▸ Task to carry out
Starting with the line containing "신청은 3월30일부터 5월29일까지" and going on through the line containing "Oval Bezel Set", return the lines of the data below exactly, and only those.

▸ Records provided
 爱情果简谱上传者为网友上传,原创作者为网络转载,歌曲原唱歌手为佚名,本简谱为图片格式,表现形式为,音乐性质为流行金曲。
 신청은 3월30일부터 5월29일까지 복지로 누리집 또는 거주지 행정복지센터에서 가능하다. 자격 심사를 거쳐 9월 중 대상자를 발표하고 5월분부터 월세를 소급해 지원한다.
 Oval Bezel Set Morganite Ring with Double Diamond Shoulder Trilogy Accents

...

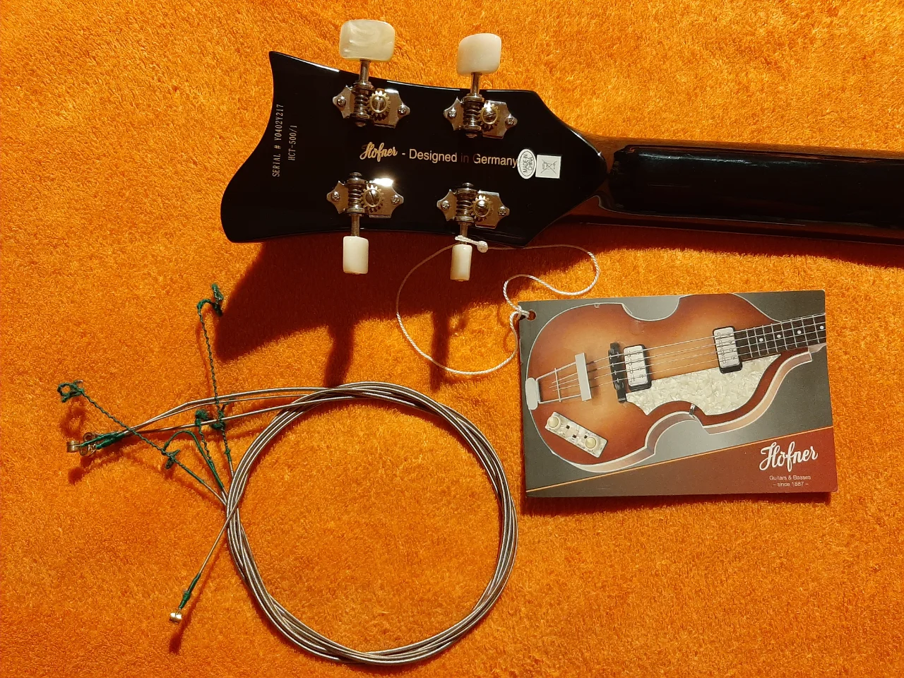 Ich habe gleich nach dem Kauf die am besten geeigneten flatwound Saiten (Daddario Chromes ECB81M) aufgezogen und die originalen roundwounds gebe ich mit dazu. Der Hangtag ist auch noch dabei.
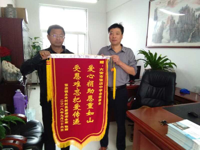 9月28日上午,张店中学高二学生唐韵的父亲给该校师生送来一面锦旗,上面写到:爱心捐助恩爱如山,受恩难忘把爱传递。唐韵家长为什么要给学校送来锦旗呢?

---

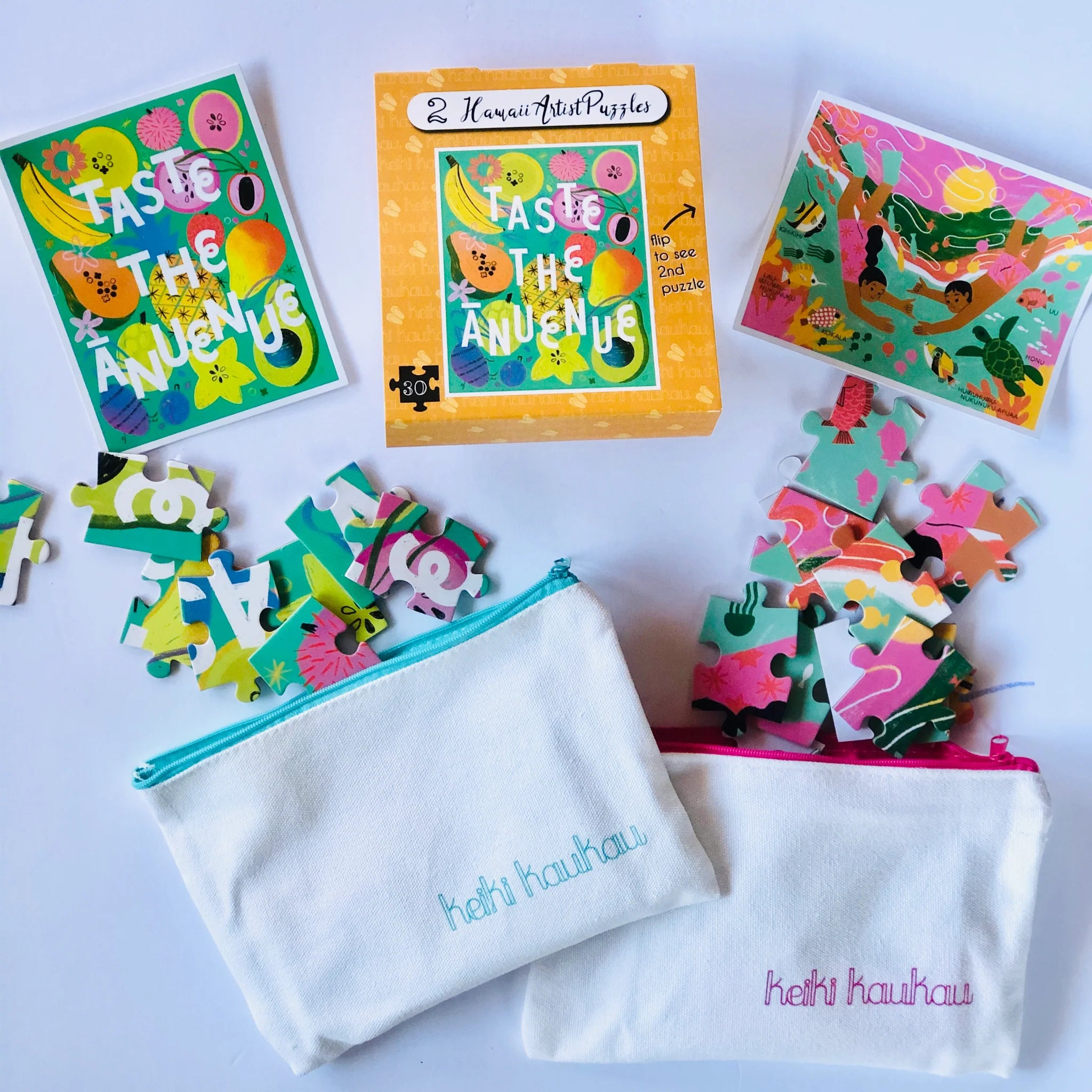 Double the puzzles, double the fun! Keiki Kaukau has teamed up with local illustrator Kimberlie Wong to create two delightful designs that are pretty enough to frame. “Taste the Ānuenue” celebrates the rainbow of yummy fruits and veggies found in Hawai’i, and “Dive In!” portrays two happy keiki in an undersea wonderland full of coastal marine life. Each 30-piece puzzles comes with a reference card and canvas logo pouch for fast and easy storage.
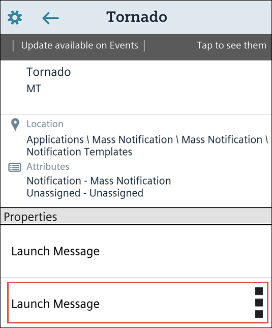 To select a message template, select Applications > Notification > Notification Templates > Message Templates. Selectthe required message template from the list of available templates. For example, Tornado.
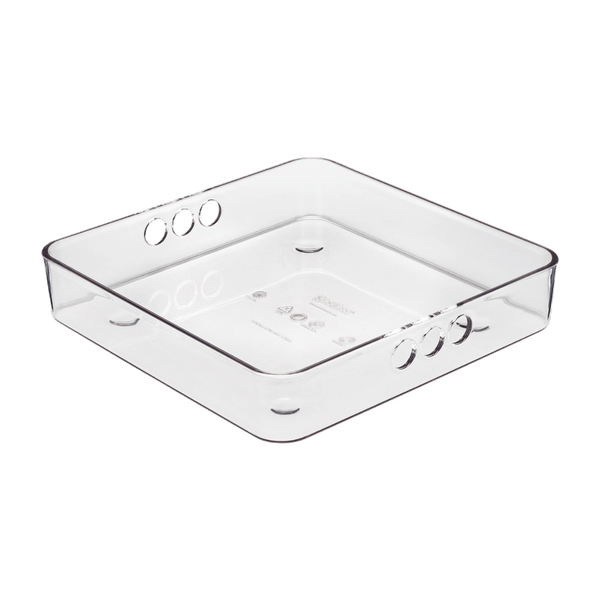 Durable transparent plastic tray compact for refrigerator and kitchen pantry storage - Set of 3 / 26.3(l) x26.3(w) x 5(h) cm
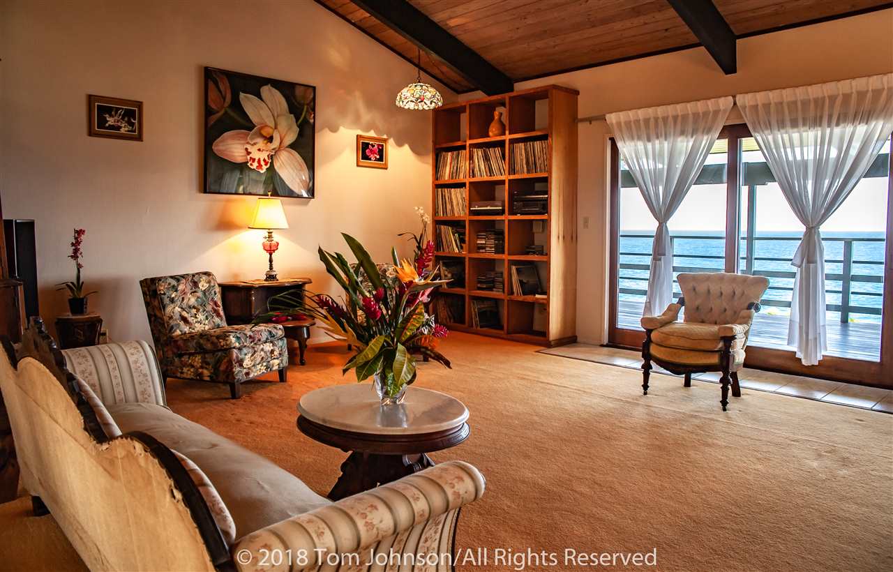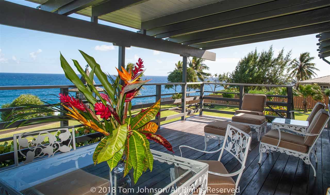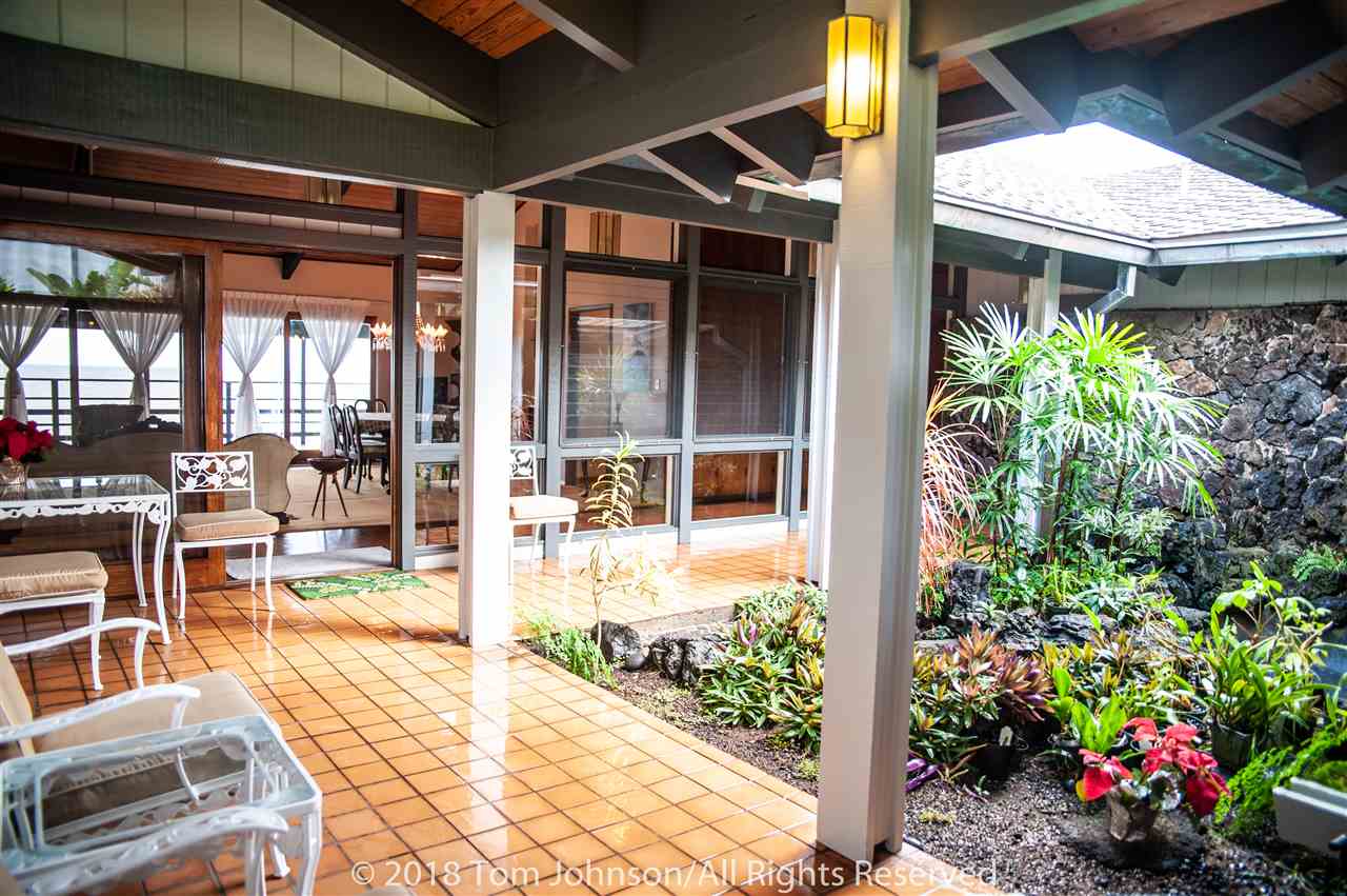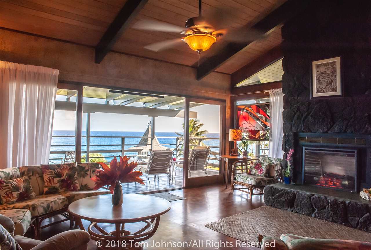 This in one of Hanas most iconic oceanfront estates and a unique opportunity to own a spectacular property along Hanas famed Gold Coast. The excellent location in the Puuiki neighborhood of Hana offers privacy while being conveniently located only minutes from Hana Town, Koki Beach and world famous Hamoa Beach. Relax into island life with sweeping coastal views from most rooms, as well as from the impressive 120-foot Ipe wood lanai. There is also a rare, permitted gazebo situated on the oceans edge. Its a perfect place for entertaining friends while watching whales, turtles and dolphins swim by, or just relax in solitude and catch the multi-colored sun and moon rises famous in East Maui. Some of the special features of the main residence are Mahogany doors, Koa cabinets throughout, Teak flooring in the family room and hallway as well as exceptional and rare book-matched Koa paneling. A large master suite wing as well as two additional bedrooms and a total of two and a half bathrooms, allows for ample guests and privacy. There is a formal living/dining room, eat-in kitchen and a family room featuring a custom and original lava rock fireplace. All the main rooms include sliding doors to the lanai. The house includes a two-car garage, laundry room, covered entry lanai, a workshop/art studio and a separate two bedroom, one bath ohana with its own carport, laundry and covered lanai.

▸ Worked solution
 신청은 3월30일부터 5월29일까지 복지로 누리집 또는 거주지 행정복지센터에서 가능하다. 자격 심사를 거쳐 9월 중 대상자를 발표하고 5월분부터 월세를 소급해 지원한다.
 Oval Bezel Set Morganite Ring with Double Diamond Shoulder Trilogy Accents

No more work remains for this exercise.